Would I want to be part of a tribe now? Unless I was going to get really brave a dress myself all kawaii in Lolita style-my favourite fashion tribe of all-then no. I’d be quite alarmed to find myself face to face with a bunch of people who dress the same as me. I have tastes in common with burlesquers (corsets, flowers, shiny things, pencil skirts), rockabilly (pencil skirts, swing skirts, flowers), 7 year old girls (flowers, red shoes), Chelsea ladies who lunch* (boots, tweed skirts), 80s Sloanes (suits, ballgowns) and scenesters (black, coloured hoisery). I wouldn’t want to just be one thing though. My tastes are too diverse. Identifying myself as one tribe would feel a bit like saying “I’ll only eat Red Leicester”. It’s nice, it’s probably my favourite hard cheese, but would I want to commit myself to eating only that. No.

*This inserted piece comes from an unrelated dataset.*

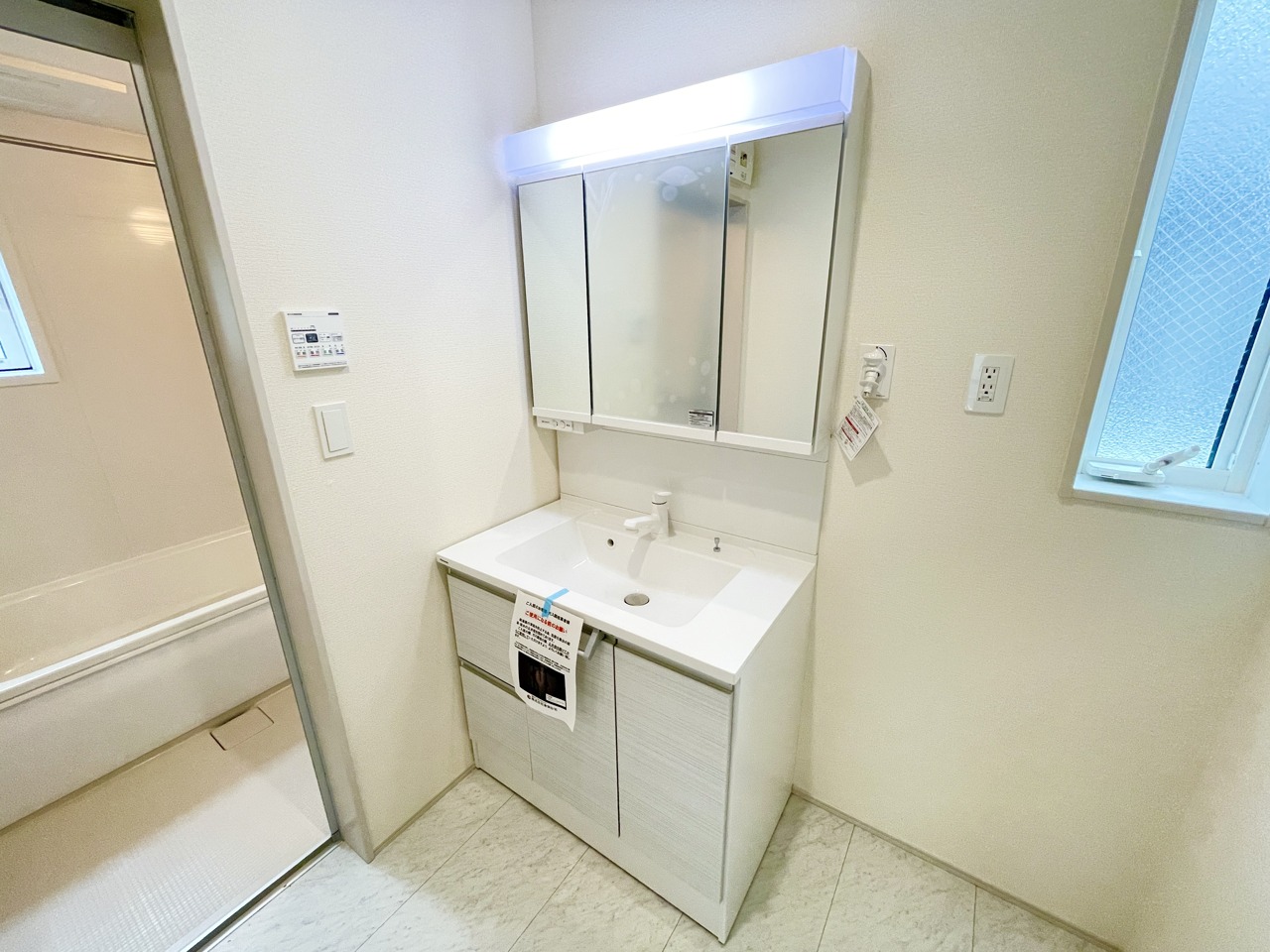 散らかりがちな洗面台は、鏡裏+足元収納付き。

However, I am me. So my perspective on my style can’t really be described as unbiased. What does it say to other people? If you saw me in the street would you assign me to any particular tribe?
And while you’re at answering those, if you haven’t already please share your photos too (pretty pretty please).
*I was told, sometime last year, that I looked as though I’d just parked my Chelsea tractor and was on my way to elevenses.
*I though I’d just take a moment to admit to fancying Peter York when I was younger.